ヒトF11R遺伝子の転写と翻訳は、炎症性サイトカインによって誘発されるアテローム発生の初期ステップに必要です

背景：F11受容体（F11R;別名JAM-A、JAM-1）は、循環血小板の膜表面に構成的に存在し、内皮細胞（EC）の密着結合内に存在する細胞接着タンパク質です。以前の報告では、炎症誘発性サイトカインへのECの曝露により、ECSの管腔面へのF11R分子の挿入が原因であり、血小板とECのF11R分子間の相同作用が発生し、炎症を起こしたECSへの血小板の接着が生じることが実証されました。本報告書の主な新たな発見は、この一連のイベントの最初のステップは、炎症性サイトカインへの暴露によってECSで誘導されるF11R分子のde-novo転写と翻訳であるということです。 方法：実験的アプローチでは、分離された洗浄されたヒト血小板懸濁液と培養されたヒト静脈内皮細胞（HUVEC）およびヒト炎症性サイトカインTNF-alphaおよび/またはIFN-Gammaにさらされたヒト動脈内皮細胞（HAEC）を使用して、ヒト系の能力を調べるためにf1を介して炎症を起こします。私たちの戦略は、この活性に対する以下の阻害剤の効果のテストに基づいていました：一般的なmRNA合成阻害剤、NF-カッパブおよびJAK/STAT経路の阻害剤、およびF11R遺伝子を特異的に沈黙させるための小さな干渉F11R-MRNA（SIRNA）。 結果：炎症を起こしたECの治療は、阻害剤アクチノマイシン、パルテノリド、またはAG-480での治療により、F11R-mRNA発現の完全な遮断をもたらし、この誘導におけるNF-KAPPABおよびJAK/STAT経路の関与を示しています。F11R siRNAを使用したECのトランスフェクションにより、サイトカイン誘発性のF11R mRNAのアップレギュレーションの完全な阻害と、サイトカイン炎症ECSにおける新しく翻訳されたF11R分子の検出の阻害が生じました。F11R転写と翻訳の阻害の機能的結果は、炎症を起こしたECに対するヒト血小板の接着の重要な遮断でした。 結論：これらの結果は、血小板の炎症を起こしたECSへの接着にECSにおけるF11Rのde novo合成が必要であることを証明しています。炎症を起こした内皮への血小板の接着は、除去されていない血管におけるプラーク形成にとって重要であるため、F11Rのde-novo翻訳は、アテローム性発生の開始における重要な初期段階であり、アテローム性動脈硬化、心臓発作、脳卒中につながると結論付けます。

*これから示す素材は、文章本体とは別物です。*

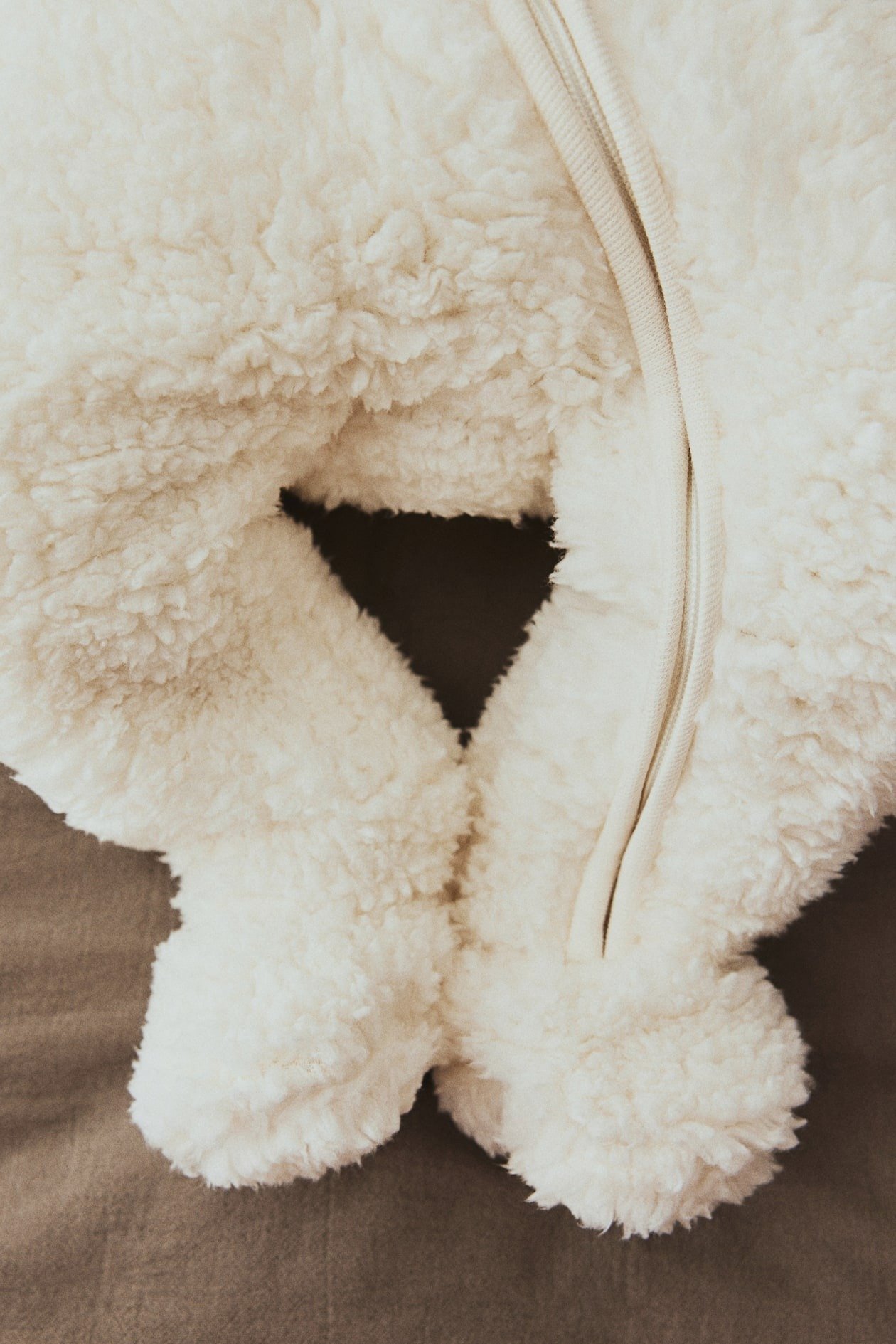 All-in-one suit in soft pile featuring a hood with ear-appliqués. Zip down the front with an anti-chafe chin guard. Foldover cuffs to keep the hands warm and full feet. Jersey lining.

BACKGROUND: The F11 Receptor (F11R; aka JAM-A, JAM-1) is a cell adhesion protein present constitutively on the membrane surface of circulating platelets and within tight junctions of endothelial cells (ECs). Previous reports demonstrated that exposure of ECs to pro-inflammatory cytokines causes insertion of F11R molecules into the luminal surface of ECs, ensuing with homologous interactions between F11R molecules of platelets and ECs, and a resultant adhesion of platelets to the inflamed ECs. The main new finding of the present report is that the first step in this chain of events is the de-novo transcription and translation of F11R molecules, induced in ECs by exposure to inflammatory cytokines. METHODS: The experimental approach utilized isolated, washed human platelet suspensions and cultured human venous endothelial cells (HUVEC) and human arterial endothelial cells (HAEC) exposed to the proinflammatory cytokines TNF-alpha and/or IFN-gamma, for examination of the ability of human platelets to adhere to the inflamed ECs thru the F11R. Our strategy was based on testing the effects of the following inhibitors on this activity: general mRNA synthesis inhibitors, inhibitors of the NF-kappaB and JAK/STAT pathways, and small interfering F11R-mRNA (siRNAs) to specifically silence the F11R gene. RESULTS: Treatment of inflamed ECs with the inhibitors actinomycin, parthenolide or with AG-480 resulted in complete blockade of F11R- mRNA expression, indicating the involvement of NF-kappaB and JAK/STAT pathways in this induction. Transfection of ECs with F11R siRNAs caused complete inhibition of the cytokine-induced upregulation of F11R mRNA and inhibition of detection of the newly- translated F11R molecules in cytokine-inflamed ECs. The functional consequence of the inhibition of F11R transcription and translation was the significant blockade of the adhesion of human platelets to inflamed ECs. CONCLUSION: These results prove that de novo synthesis of F11R in ECs is required for the adhesion of platelets to inflamed ECs. Because platelet adhesion to an inflamed endothelium is crucial for plaque formation in non-denuded blood vessels, we conclude that the de-novo translation of F11R is a crucial early step in the initiation of atherogenesis, leading to atherosclerosis, heart attacks and stroke.